Toll-like receptor 3 dynamics in female C57BL/6J mice: Regulation of alcohol intake.

Although there are sex differences in the effects of alcohol on immune responses, it is unclear if sex differences in immune response can influence drinking behavior. Activation of toll-like receptor 3 (TLR3) by polyinosinic:polycytidylic acid (poly(I:C)) produced a rapid proinflammatory response in males that increased alcohol intake over time (Warden et al., 2019). Poly(I:C) produced a delayed and prolonged innate immune response in females. We hypothesized that the timecourse of innate immune activation could regulate drinking behavior in females. Therefore, we chose to test the effect of two time points in the innate immune activation timecourse on every-other-day two-bottle-choice drinking: (1) peak activation; (2) descending limb of activation. Poly(I:C) reduced ethanol consumption when alcohol access occurred during peak activation. Poly(I:C) did not change ethanol consumption when alcohol access occurred on the descending limb of activation. Decreased levels of MyD88-dependent pathway correlated with decreased alcohol intake and increased levels of TRIF-dependent pathway correlated with increased alcohol intake in females. To validate the effects of poly(I:C) were mediated through MyD88, we tested female mice lacking Myd88. Poly(I:C) did not change alcohol intake in Myd88 knockouts, indicating that poly(I:C)-induced changes in alcohol intake are dependent on MyD88 in females. We next determined if the innate immune timecourse also regulated drinking behavior in males. Poly(I:C) reduced ethanol consumption in males when alcohol was presented at peak activation. Therefore, the timecourse of innate immune activation regulates drinking behavior and sex-specific dynamics of innate immune response must be considered when designing therapeutics to treat excessive drinking.

Toll-like receptor 3 activation increases voluntary alcohol intake in C57BL/6J male mice.

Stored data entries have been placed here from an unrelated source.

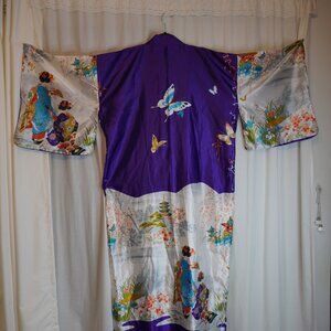 Stunning butterfly and geisha patterned traditional kimono, imported from Japan.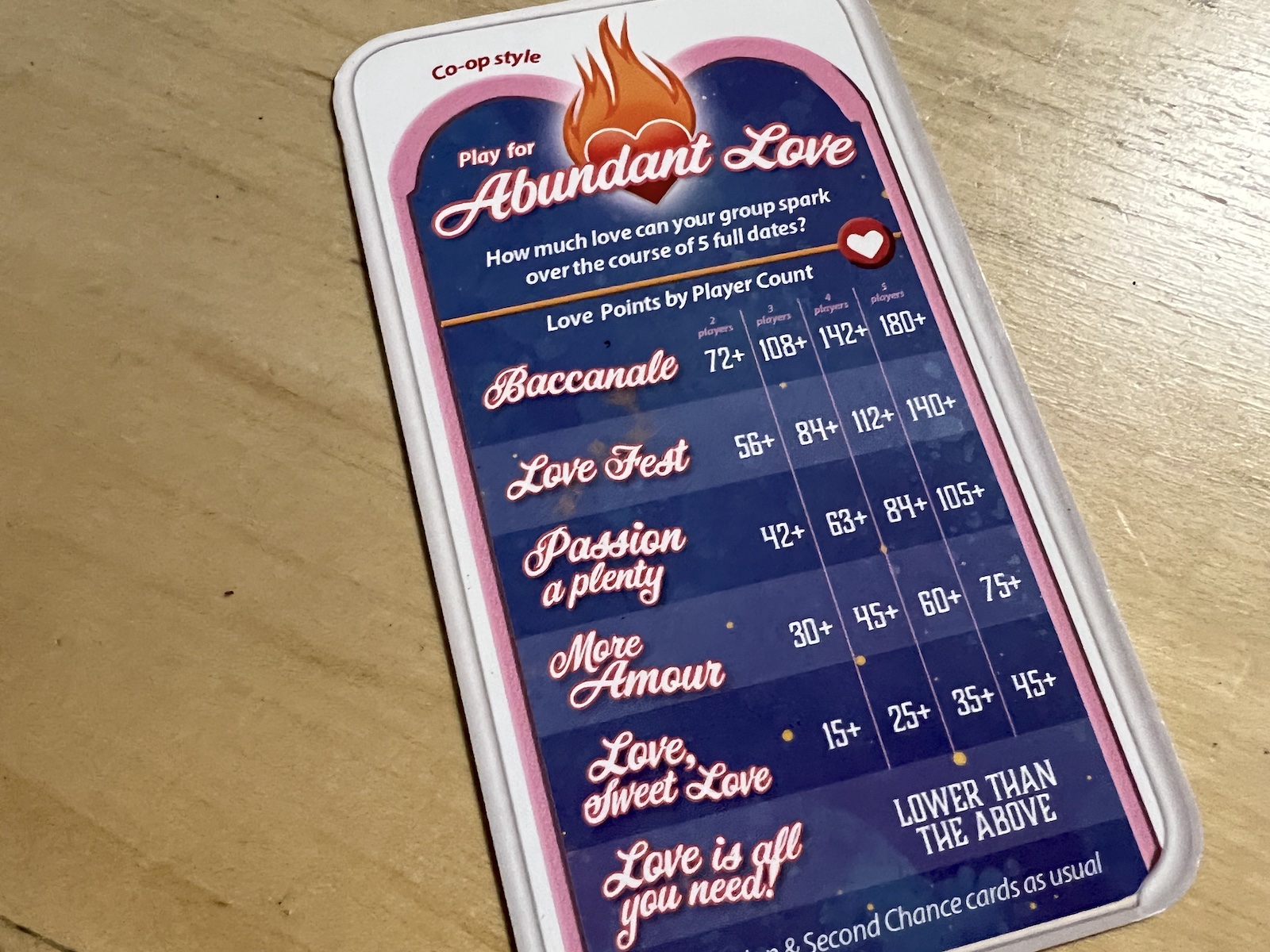 However many heart results you rolled in total throughout your date is your score for the date, plus any bonuses. Don’t despair if you get burnt by your date, you’ll get a second chance card that will let you re roll some number of dice on a different date next time. First to 21 points wins. This game can be played co-op or competitively. We choose to play competitively. You can steal dragons from each other, and occasionally cause other players to lose points. The co-op version has everyone go on 5 dates and your group score is totaled and judged. There is also a solo variant if you want to play by yourself, but I didn’t have a ton of fun playing that way. This is game that is more suited to be played with friends you can laugh along with.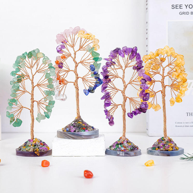 5 estilos de árboles de la fortuna de cristal con base de ágata, árboles de cristal curativos de Reiki, regalos de suerte para amigos

Many genes differentially expressed in brain tissue from human alcoholics and animals that have consumed large amounts of alcohol are components of the innate immune toll-like receptor (TLR) pathway. TLRs initiate inflammatory responses via two branches: (1) MyD88-dependent or (2) TRIF-dependent. All TLRs signal through MyD88 except TLR3. Prior work demonstrated a direct role for MyD88-dependent signaling in regulation of alcohol consumption. However, the role of TLR3 as a potential regulator of excessive alcohol drinking has not previously been investigated. To test the possibility TLR3 activation regulates alcohol consumption, we injected mice with the TLR3 agonist polyinosinic:polycytidylic acid (poly(I:C)) and tested alcohol consumption in an every-other-day two-bottle choice test. Poly(I:C) produced a persistent increase in alcohol intake that developed over several days. Repeated poly(I:C) and ethanol exposure altered innate immune transcript abundance; increased levels of TRIF-dependent pathway components correlated with increased alcohol consumption. Administration of poly(I:C) before exposure to alcohol did not alter alcohol intake, suggesting that poly(I:C) and ethanol must be present together to change drinking behavior. To determine which branch of TLR signaling mediates poly(I:C)-induced changes in drinking behavior, we tested either mice lacking MyD88 or mice administered a TLR3/dsRNA complex inhibitor. MyD88 null mutants showed poly(I:C)-induced increases in alcohol intake. In contrast, mice pretreated with a TLR3/dsRNA complex inhibitor reduced their alcohol intake, suggesting poly(I:C)-induced escalations in alcohol intake are, at least partially, dependent on TLR3. Together, these results strongly suggest that TLR3-dependent signaling drives excessive alcohol drinking behavior.